「……その姿になってもやっぱり大きいなお前は」
何もかもが燃え盛り、生命の息吹が微かとなった大地に男は立っていた。とは言え、男は今を生きる生者ではない。かつて、この世界に生きていたかもしれない陰法師。汎人類史に置いては英霊と呼ばれる存在だ。だが、此処は異聞帯であり、人類史の介入を許していない妖精郷。座が存在しないこの世界に何故、英霊が立っているのか。
「バーゲスト。この馬鹿真面目が。妖精が許せないからって、何もお前が其方に堕ちる理由はないだろうに」
その剣はただの鉄で錬成されたもの。星が生み出したものでも、星に引けも劣らない伝承がある訳でもないただの剣。けれど、男の手には馴染む無二の相棒にして、彼女との思い出が宿った一振り。
「それがバーゲストの良いところでしょ?」
姿亡き声が響く。それに同意する様に、男の身体に宿る数多の騎士達が声なき声を上げる。男はそれに笑みを浮かべ、剣を天に掲げる。
「あぁ、そうだな!そうだとも!アドニスの言う通りだ。
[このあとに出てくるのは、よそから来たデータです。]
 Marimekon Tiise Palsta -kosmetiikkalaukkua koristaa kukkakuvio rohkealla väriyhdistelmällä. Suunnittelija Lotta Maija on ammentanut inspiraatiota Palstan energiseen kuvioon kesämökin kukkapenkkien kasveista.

だから、我らはこうして集い一つとなったのだからな!獣の厄災、いや妖精騎士ガウェイン。そして、我らが愛しきバーゲスト!!この声が届いているかは分からないが、一つ問うぞ。助けは必要か!!!」
眼前に迫る黒き獣に男は問いかける。燃え盛る大地を歩き、全てを破壊していくその姿に理性が宿っているとはとても思えない。言語を理解するだけの知性が宿っているとはとても思えない。現に獣は足を止める事なく、大地を踏み締め進み続ける。
『ガァァァァァァ!!!』
立ち塞がる小さき騎士に獣は吼える。その叫びを聞きながら騎士は高らかに宣言する。一切の迷いなく、獣の眼を見ながら。
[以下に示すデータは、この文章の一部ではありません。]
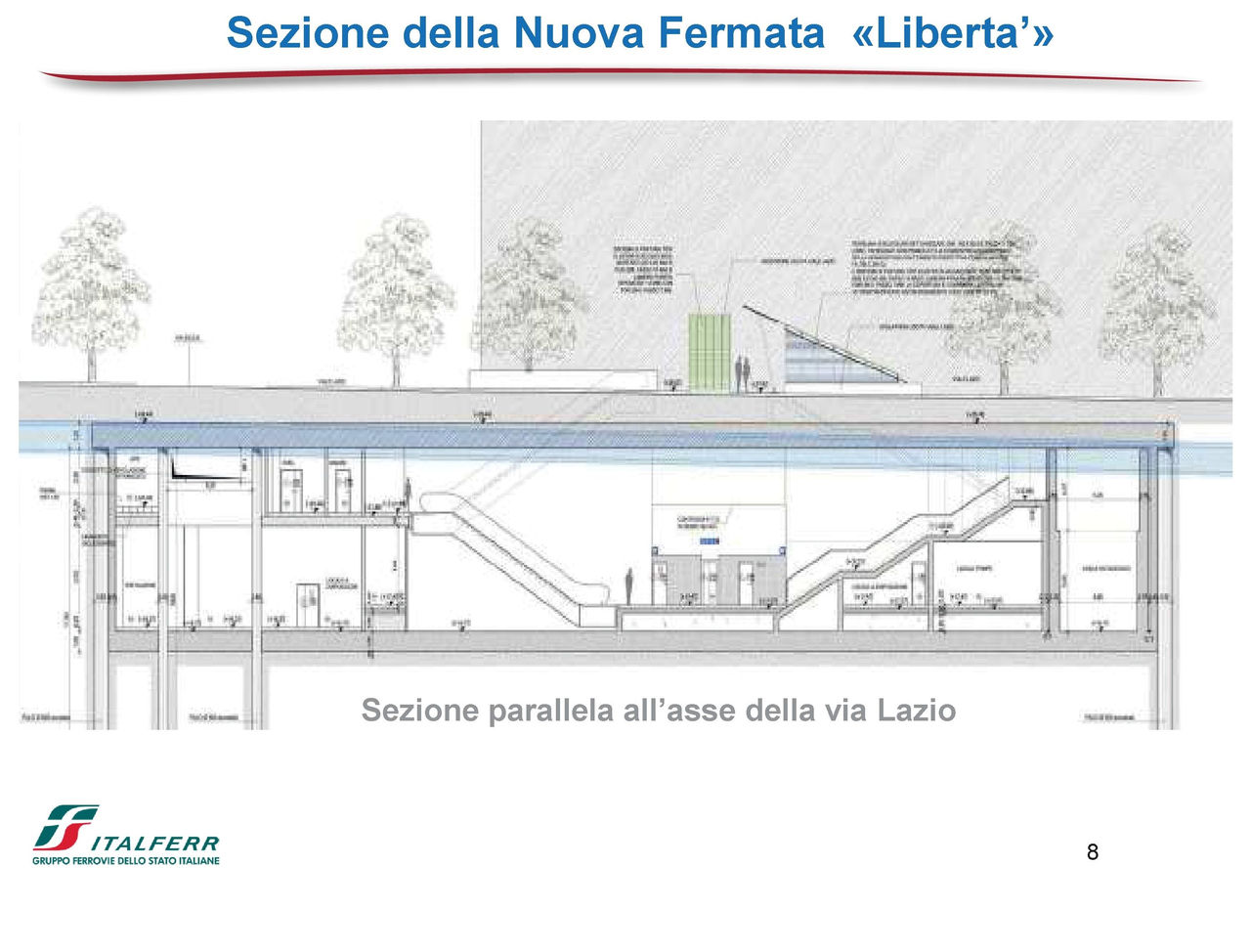 Sarà situata lungo viale Lazio e verrà realizzata al di sotto della sede stradale in galleria artificiale; si articolerà inoltre su tre livelli: piano campagna, piano mezzanino, piano banchina. Dal marciapiede lungo viale Lazio (civ.13) sono previste una scala di accesso, una scala mobile e un ascensore. L’accesso pedonale alle scale fisse sarà coperto da una pensilina.

「分かった。騎士として、これ以上の蛮行は見逃せない。故に、お前を殺してでも止めるぞ!!我が名は、妖精騎士マシュー!!バーゲストに愛された騎士達の集合体の代表者にして、汎人類史で君が認めた騎士と同じ名を持つ者!いざ、参る!!!」
何故、彼がこの場にいるのか。それは、バーゲストに喰われてなお彼女が心配で留まっていた過保護な恋人達の魂と、愛しい妖精の叫びを聞いて大人しくしていられなかったから。奇しくも、汎人類史の者たちが英霊召喚なる下地を作ってくれていたから。英霊が居ない妖精郷でも、騎士の概念は存在していた事。そして、その騎士としてバーゲストが認めた者の名前がマシュであった事。それらの軌跡が極々細い可能性を辿り、彼をサーヴァントとして現界させるに値する結果となったのだ。
「うぉぉぉぉぉ!!」
ただ、愛しい者が泣く光景をこれ以上見たくない。そんな
そして、それは遥か遠い星見の天文台で。
「いたたっ!!バーゲスト、痛いって!」
「その程度ですか!もっと鍛え直す必要がありますね」
厄災も何もない、世界で隣で笑い合う。そんなありふれた当たり前の幸福な光景に繋がる……のかもしれない。
「私が食事を用意して差し上げます。それで力を付けてくださいね」
「ははっ、そりゃ楽しみだ」
サーヴァント:マシュー。クラス:セイバー。星1
妖精騎士バーゲストが愛した騎士達の集合体。人格として表に出ているのはマシュー、姿亡き声としてアドニスがいる。バーゲストが心配だからという理由で、カルデアまで来た愛のあるサーヴァント。